**Directions for this task**
Although the records contain pictures, none belong in the copy: restate word for word only the lines from the one with "Green Metallic Jersey" through the one with "7月,武漢市人民政府辦公廳發", both included.
********
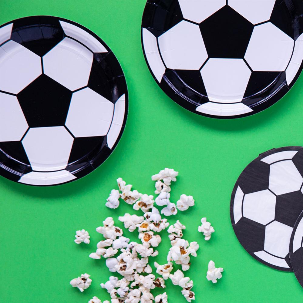 Med dessa svart-vita assietter blir det enkelt att få till ett häftigt fotbollstema till din kalas dukning. Duka fram dessa pappassietter tillsammans med andra fotbolls dekorationer och tillbehör för ett komplett fotbollskalas. Passande engångsassietter till både stora och små fotbolls-fantaster.
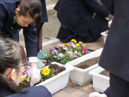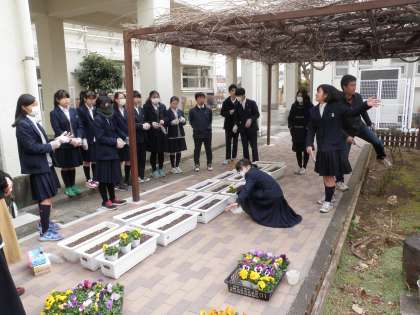 学年末考査が終わった3月1日(水)「パンジーの花植えボランティア活動」を行いました。生徒会役員の呼び掛けに対して30名以上の有志が集まり、プランターや花壇にパンジーの花を植え替えました。150近くあったパンジーの株も、みんなが協力してくれたおかげで、あっという間にプランターに植え替えることができました。
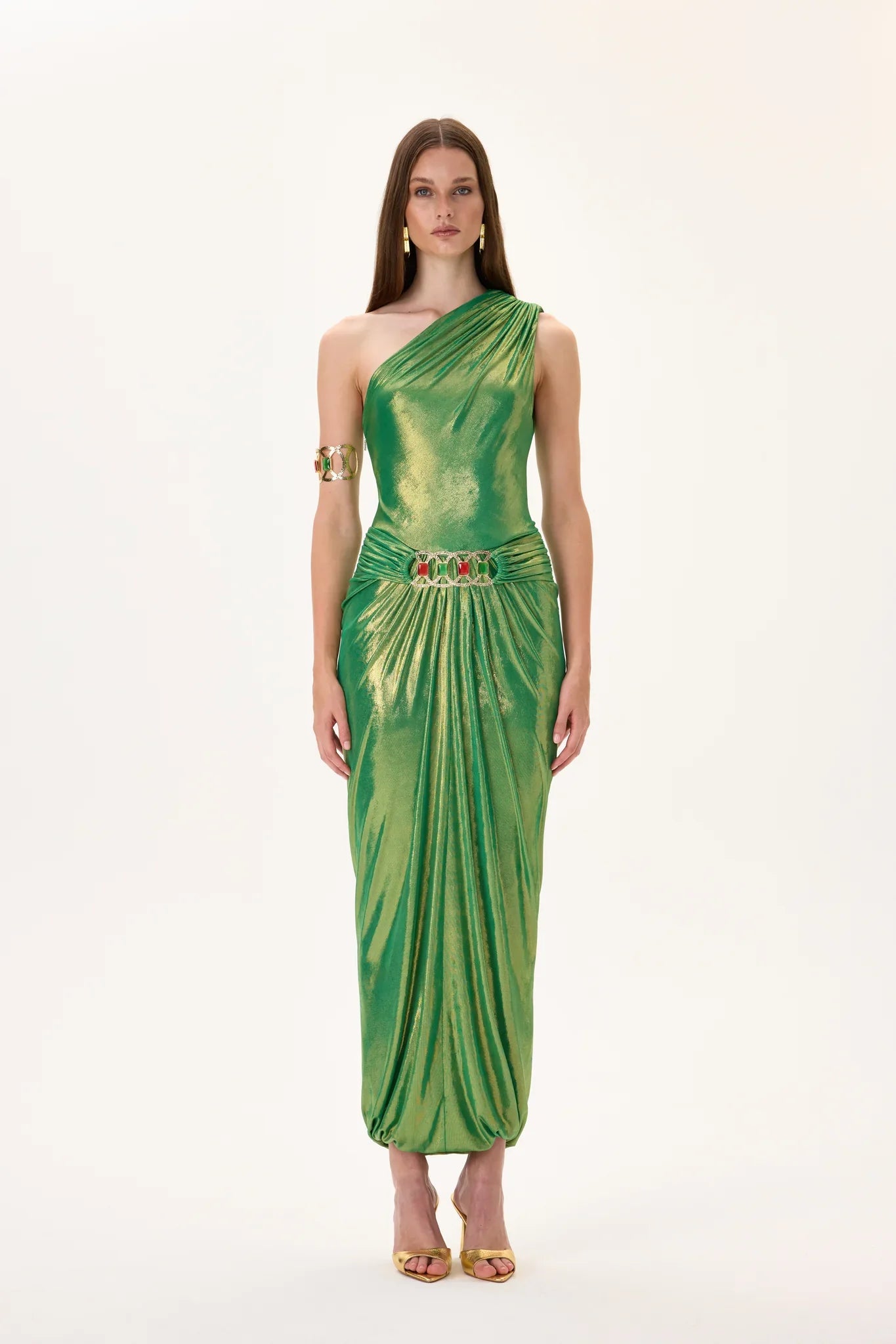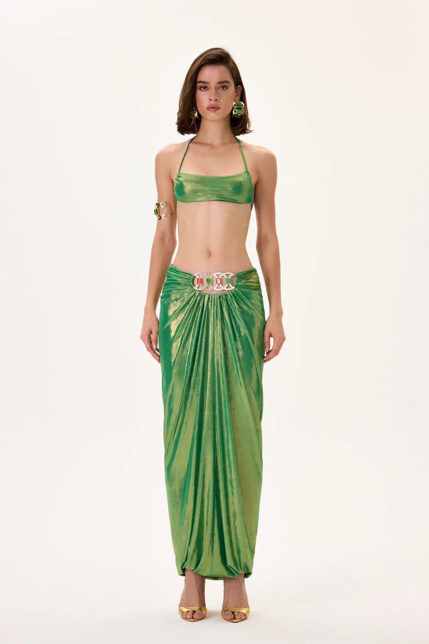 Green Metallic Jersey Balloon Skirt With Gold Accessory And Ruched Waistline
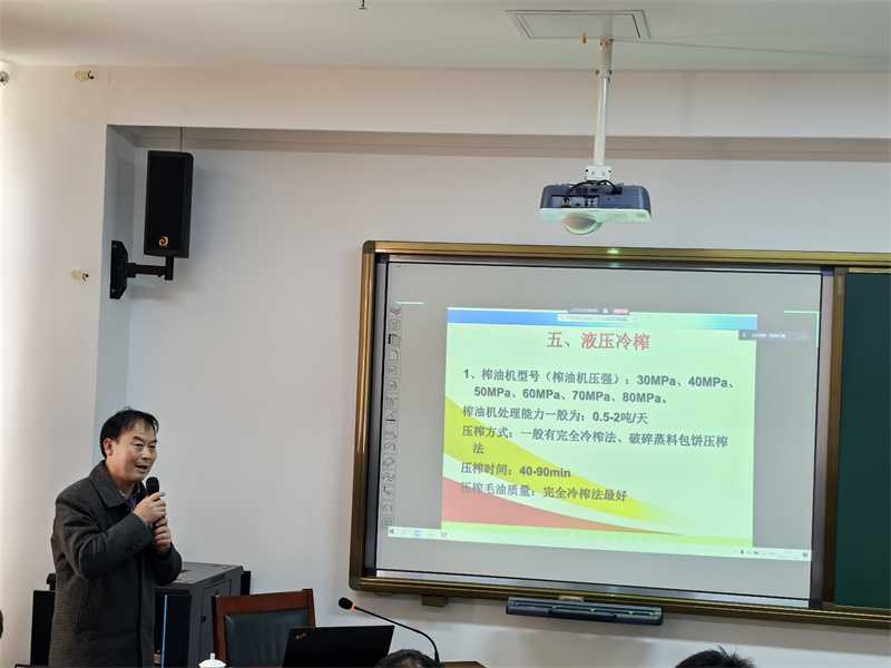 会上,郭少海详细讲解了油茶采后处理技术中关于油茶果的采收标准和采收后的干燥工艺对茶油品质的影响,对螺旋压榨、双螺杆压榨、液压冷榨和溶剂萃取等制油方式的存在的问题、操作方法和富营养油茶籽油的加工技术等内容进行了详细介绍。会议还聆听了其他专家“关于云南高原山地油茶资源挖掘与利用、油茶风味特征及外源氨基酸辅助风味油脂制备、基于精准适度加工的安全营养风味油茶籽油标准生产技术要点”等内容的精彩报告。
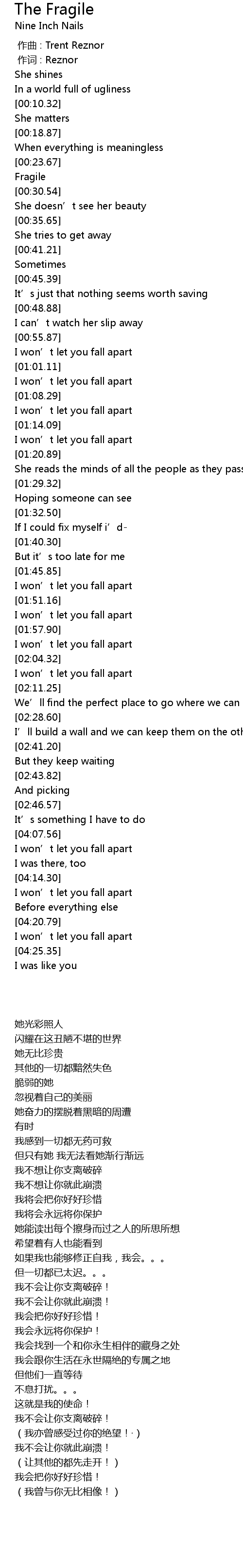 | [00:00.00] | zuo qu : Trent Reznor |
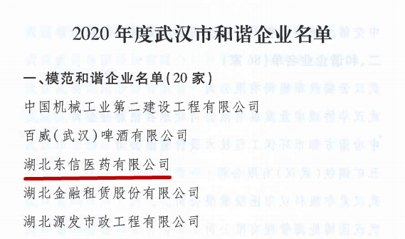 7月,武漢市人民政府辦公廳發(fā)布“2020年度武漢市和諧企業(yè)”名單,湖北東信醫(yī)藥有限公司等二十家企業(yè)被評(píng)名為“2020年度武漢市模范和諧企業(yè)”。
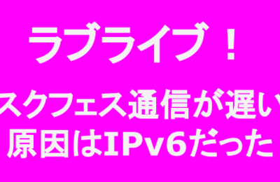 どうもWi-Fi環境だとラブライブ!スクールアイドルフェスティバル (スクフェス) が遅いので原因調査した。調査の結果、IPv6の設定が影響して通信が遅くなっていたことが分かった。 Wi-Fi・インターネット環境 designetwork.hatenablog.com なお、私はiPhoneを使用しているが、Androidでも同様と考えられる。もしかしたらiPhone (iOS) 向けとAndro…
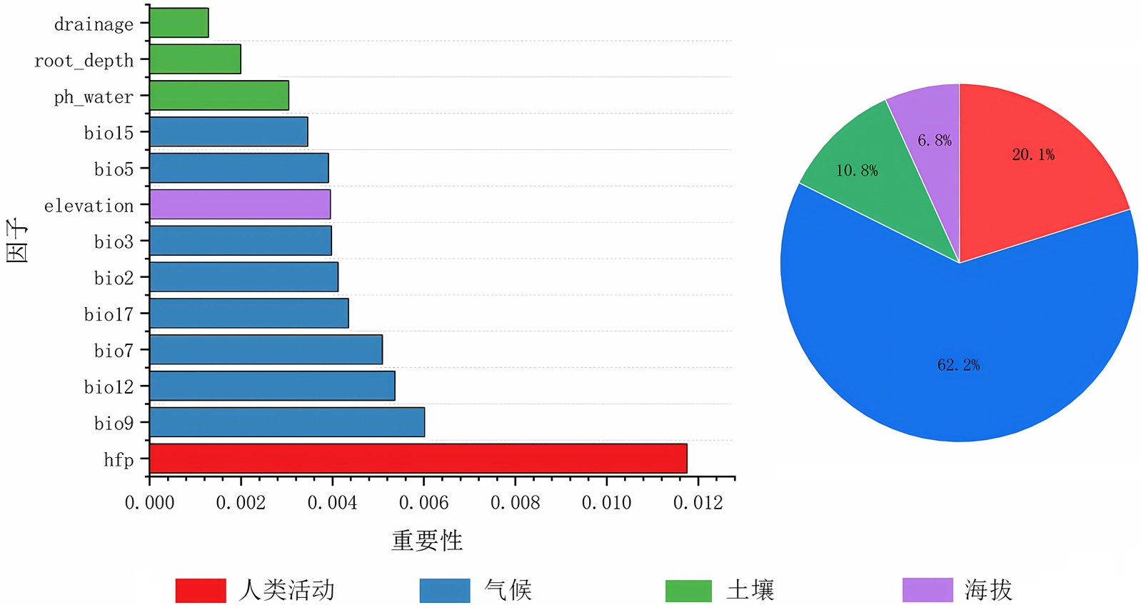 土壤因子虽累计重要性仅为10.8%,但土壤理化性质对黑麦草的建群与存活具有不可忽视的影响。地形因子中海拔的重要性较低,可能与黑麦草较强的适应性有关,但其在高海拔地区的扩张趋势仍值得关注。总体来看,黑麦草的分布是气候、人为干扰与立地条件共同作用的结果,未来预测中需继续重视多因子协同效应。
********
**Task response**
 Green Metallic Jersey Balloon Skirt With Gold Accessory And Ruched Waistline
 会上,郭少海详细讲解了油茶采后处理技术中关于油茶果的采收标准和采收后的干燥工艺对茶油品质的影响,对螺旋压榨、双螺杆压榨、液压冷榨和溶剂萃取等制油方式的存在的问题、操作方法和富营养油茶籽油的加工技术等内容进行了详细介绍。会议还聆听了其他专家“关于云南高原山地油茶资源挖掘与利用、油茶风味特征及外源氨基酸辅助风味油脂制备、基于精准适度加工的安全营养风味油茶籽油标准生产技术要点”等内容的精彩报告。
 | [00:00.00] | zuo qu : Trent Reznor |
 7月,武漢市人民政府辦公廳發(fā)布“2020年度武漢市和諧企業(yè)”名單,湖北東信醫(yī)藥有限公司等二十家企業(yè)被評(píng)名為“2020年度武漢市模范和諧企業(yè)”。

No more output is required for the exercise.